Hey Eric. I'm sorry, boss. I feel sick to my stomach. I'm gonna need to take the day off.

Hi Dr. Smith. I'm sorry, boss, but I feel very sick today. I'm going to need to take the day off.

Notice how both examples convey the same idea. The meaning of the word boss is the same. The meaning of needing to take the day off is the same. The direct meaning of what you're trying to say is the same.

However, which of the examples uses word forms that are a socially acceptable way to communicate with your supervisor, who is also a physician? Clearly, it's the second example.

Here, we're using terms like 'Dr. Smith', instead of 'Eric'. And 'I'm going to', instead of 'I'm gonna'. The first example is too informal for a newly formed boss-employee relationship between a student and his or her supervisor or mentor, so the second example is more apropos unless Dr. Smith says it's okay to be on a first-name basis.

These are examples of indirect social cues we use in language to express how we view ourselves in comparison to someone else in society. The way we form phrases or words, despite their variations having the same meanings, helps us understand things like social standing when two people interact with one another.

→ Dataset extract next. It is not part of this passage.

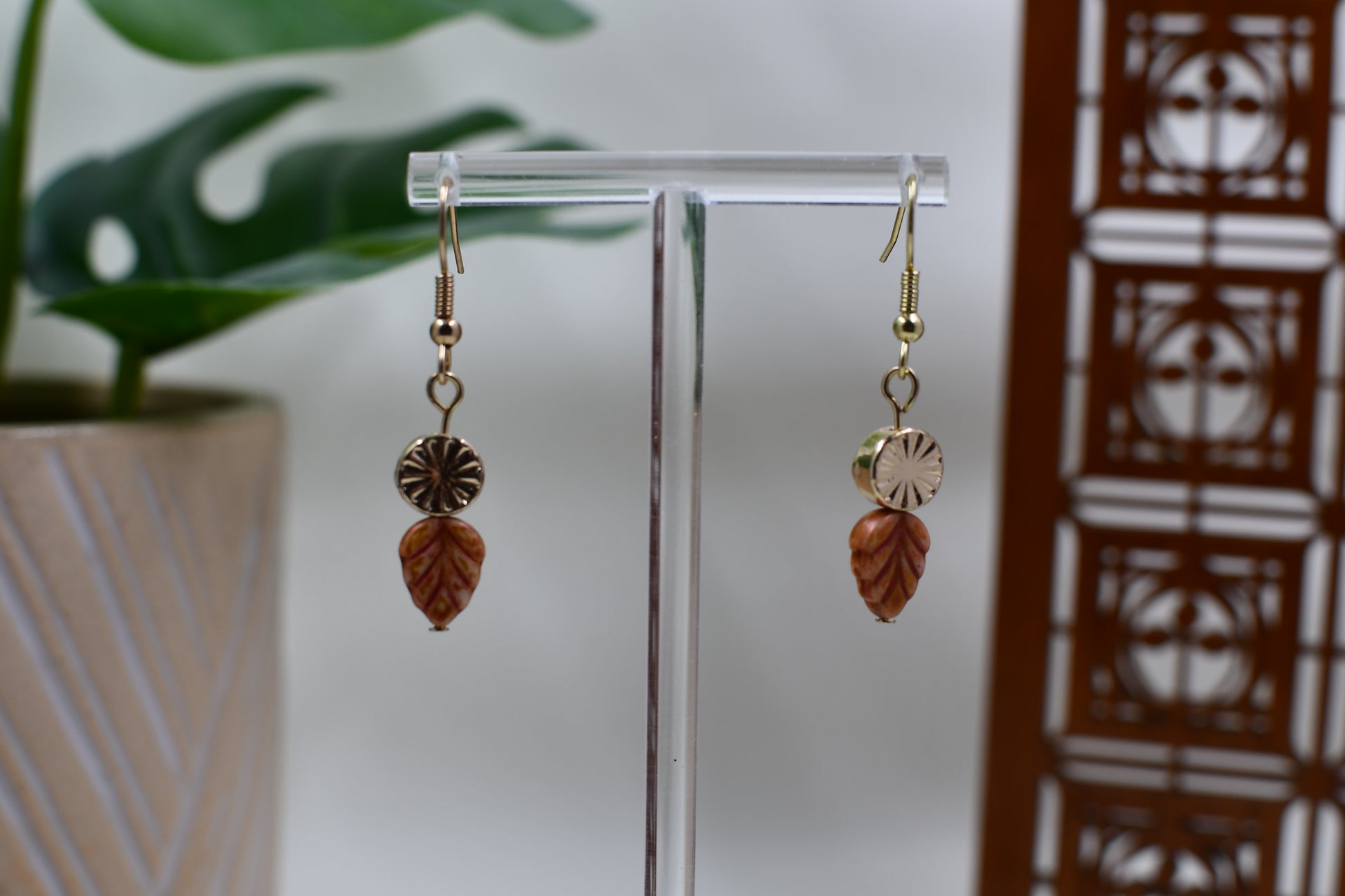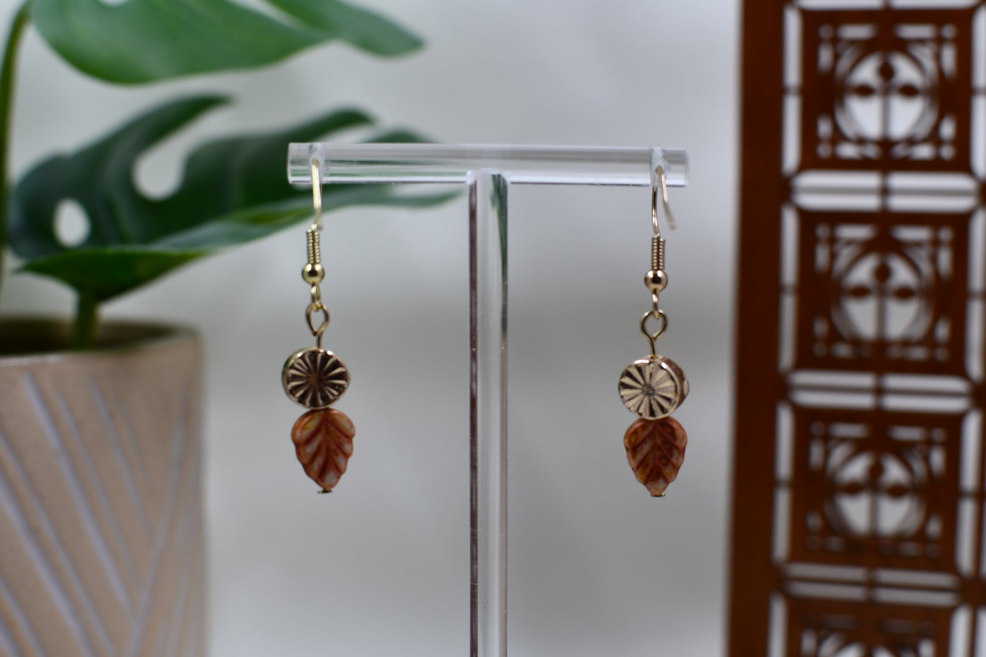 Autumn Orange Leaf and Gold Medallion Dangle Earrings

The point is, it's not just enough to use language to communicate. You must also use it in a way that fits the type of social relationship you have with your audience.

More Examples of Social Function

We can go on and on with these types of examples. For instance, politicians need to decide how to talk to one type of audience to convey the same message they would try to convey to a completely different type of audience. In other words, they may use lots of technical terms to talk about tax reform with a group of accountants, but would speak in a totally different way to a general audience.

Another example of this would be the way you communicate with your teacher. Do you write emails to them like you would to a best friend of your age in school? Or do you write in a way that shows respect and deference to your teacher?